Eduardo Alberto Duhalde (born 5 October 1941) is an Argentine former politician who served as interim President of Argentina from January 2002 to May 2003. He also served as Vice President from 1989 to 1991 during the presidency of Carlos Menem and as Governor of Buenos Aires Province in the 1990s.

Born in Lomas de Zamora in Buenos Aires Province, he was elected for the local legislature and appointed intendente (mayor) in 1973. He was deposed during the 1976 coup d'état that began the National Reorganization Process, and elected again when democracy was restored in 1983. He was elected vice president of Argentina in 1989 as Carlos Menem's running mate for the Peronist Justicialist Party (PJ). As vice president, Duhalde was also President of the Senate, but Duhalde did not like the legislative work (especially as most day-to-day activities are carried by a provisional president, and the vice president presides mostly for special occasions) and preferred to work with the actual administration of a district. Menem suggested that he run for governor of the populous Buenos Aires Province (wanting to end the influence of the incumbent governor Antonio Cafiero, who ran agaist Menem in the 1989 Justicialist Party primaries), which Duhalde accepted on the condition of a great budget aid to the province. Duhalde was elected governor, ending the political influence of Cafiero.

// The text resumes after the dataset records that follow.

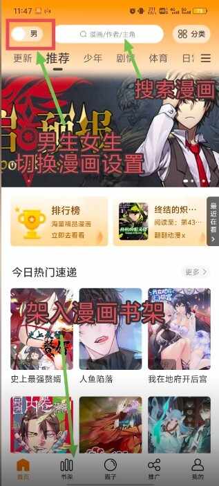2、进入主页,可以在上方切换男漫女漫和搜索漫画,也可以点击下方第二个菜单栏将喜欢的漫画加入(jiaru)书架;
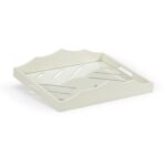 Cream painted wood tray with clear glass bottom inlay, designed by Jamie Merida.
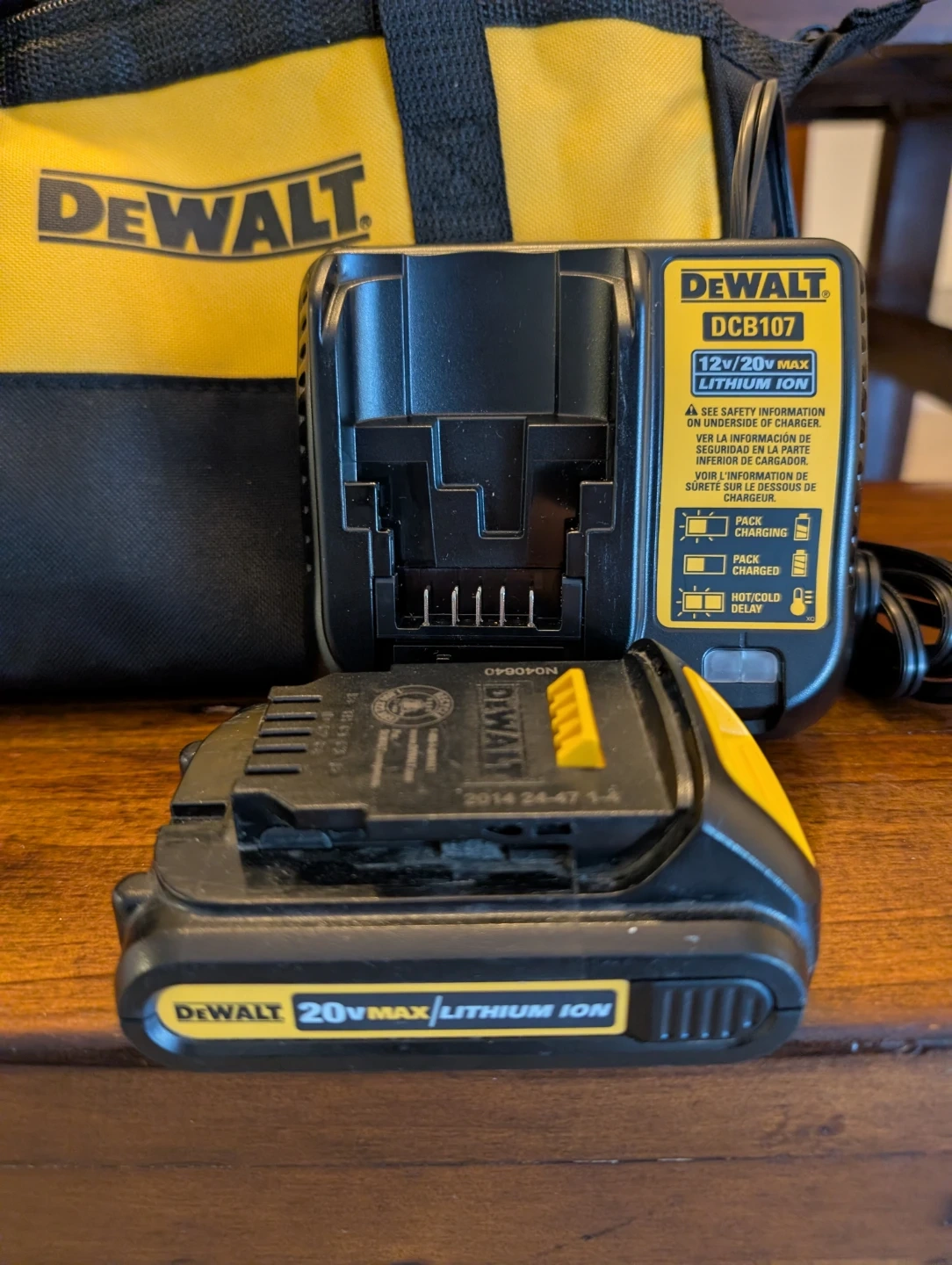 Selling a DeWalt 20V MAX Lithium Ion storage bag, 1x 1.5Amp hour battery and DCB107 charger.
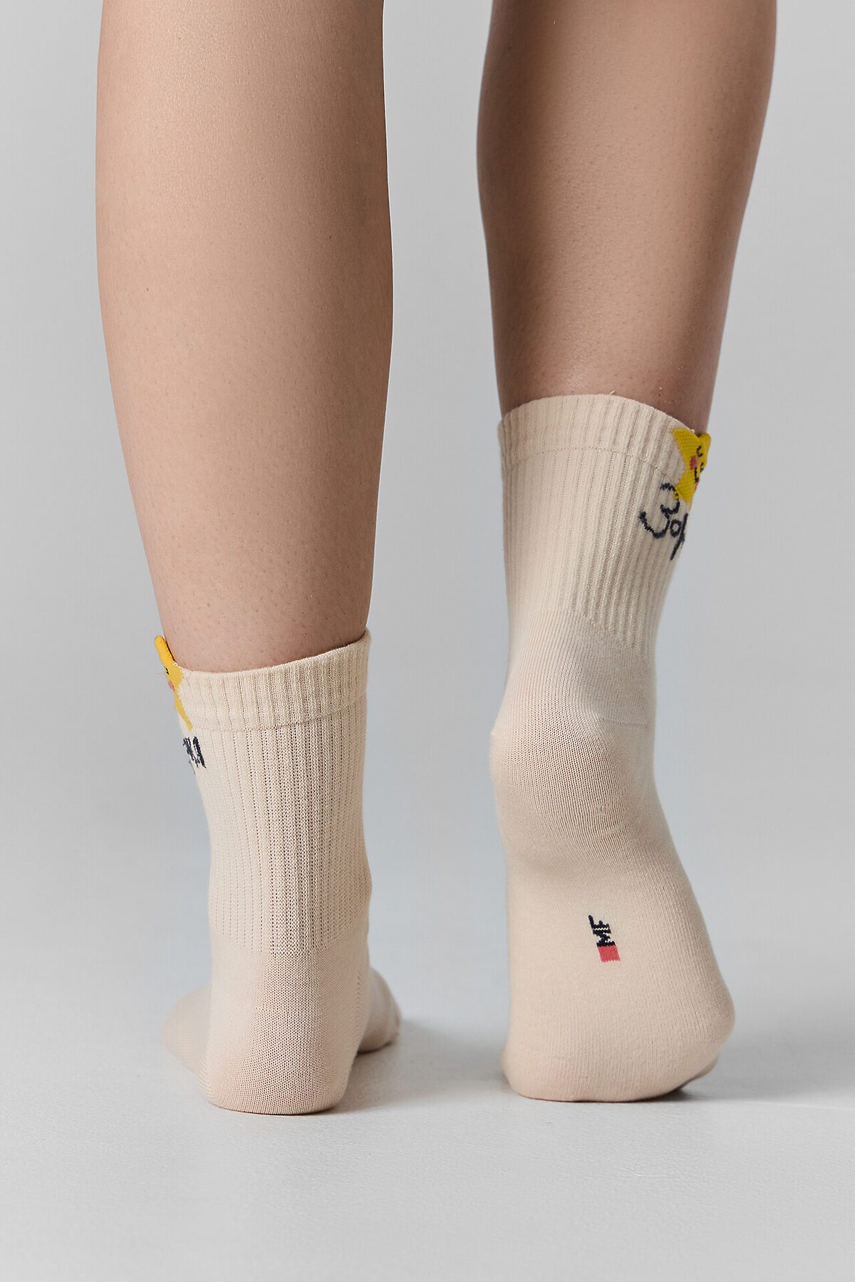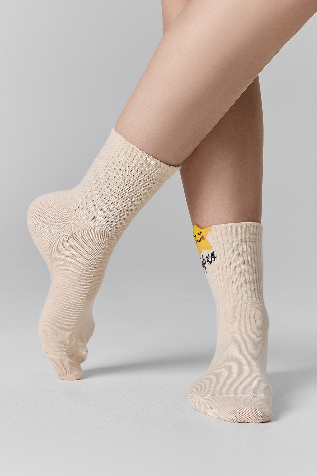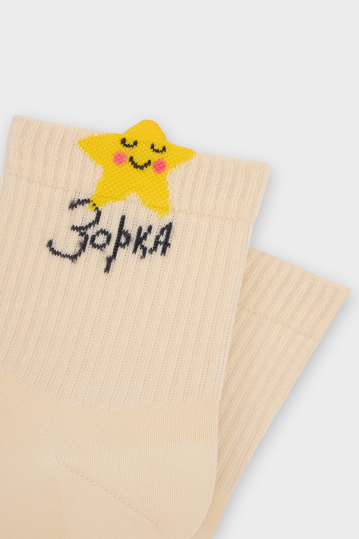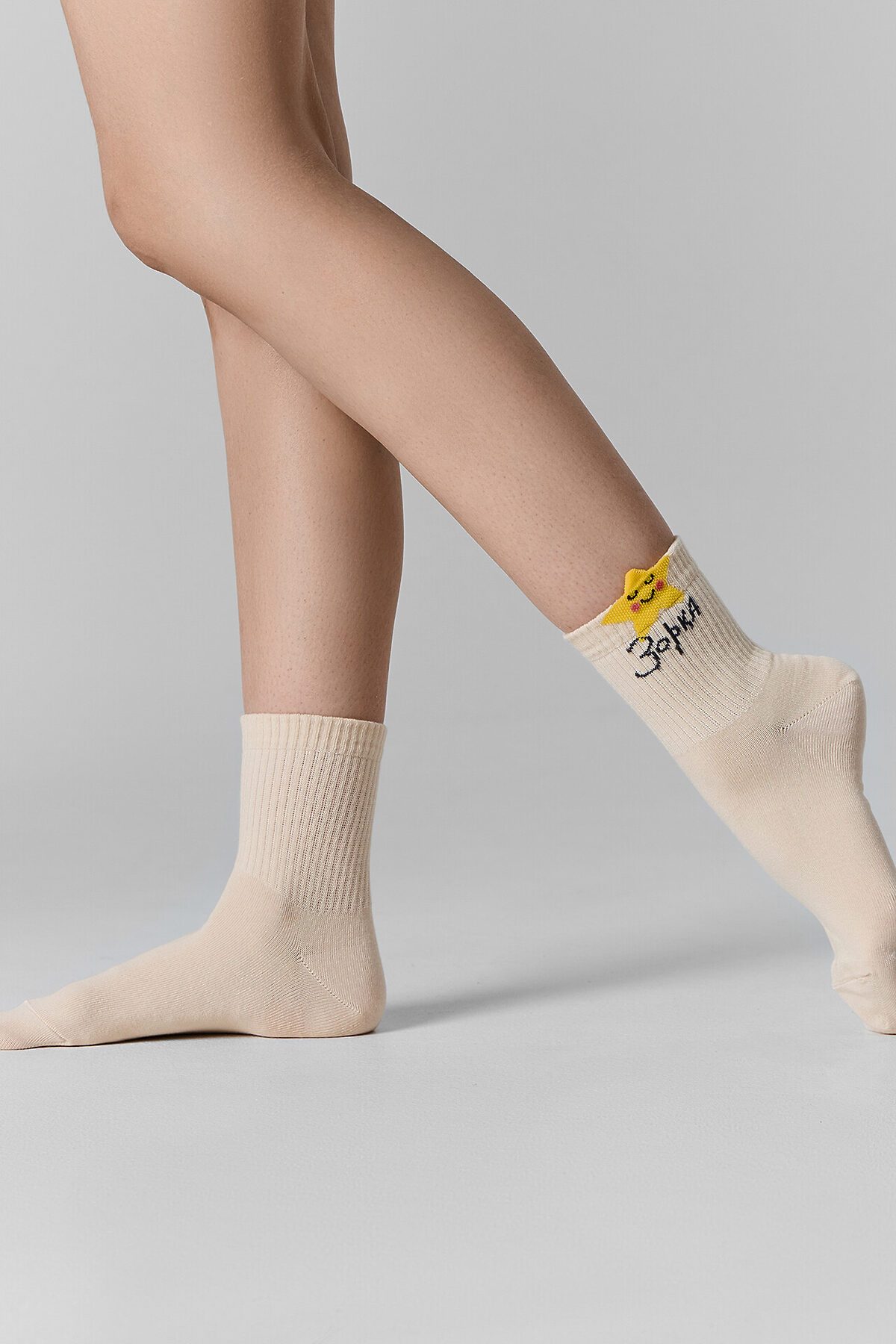 рис.3163 Женские носки средней высоты, с плотным бортом и рисунком в виде звездочки с 3D элементом на бортике и надписью "Зорка".

Duhalde won a second term as governor, following a rather complicated series of events.note  After the start of his second term, Duhalde began to publicly criticize Menem, stating that he should leave his government's neoliberal policies and return to the Peronist doctrines. As the new constitution allowed re-election a single time, the PJ started an internal discussion over the leadership of the party after the presidency of Menem. Duhalde announced his intentions to run for president in 1999 shortly after the 1995 elections, only increasing the fierce dispute with Menem. Menem promoted an advertisement campaign "Menem '99", despite the term limit, to avoid being considered a lame duck, and despite the PJ losing the 1997 midterm elections, Menem only intensified the "Menem '99" campaign before eventually, the Supreme Court ruled that his attempt to run for another presidential term was unconstitutional.

Duhalde ran for president in 1999 with governor of Tucumán (and popular singer) Ramón "Palito" Ortega as running mate, but was defeated by Fernando de la Rúa. However, de la Rúa would face an economic crisis culminating in the December 2001 riots, and resigned as a result that month. As his vice president had already resigned months before, Congress appointed governor of San Luis Province Adolfo Rodríguez Saá as president, but when Rodríguez Saá also resigned after his first administrative actions caused renewed protests and resulted in not even the PJ fully supporting him, Congress appointed Duhalde; this time, thanks to the Radical Civic Union (UCR) also supporting him unlike Rodríguez Saá, he was given the mandate to finish de la Rúa's term, unlike the mandate to call elections in March to fill the remainder of de la Rúa's term like Rodríguez Saá was given. During Duhalde's term in office, a huge currency devaluation and an increase of the exchange rate led to a gradual recovery, especially after appointing Roberto Lavagna as economy minister.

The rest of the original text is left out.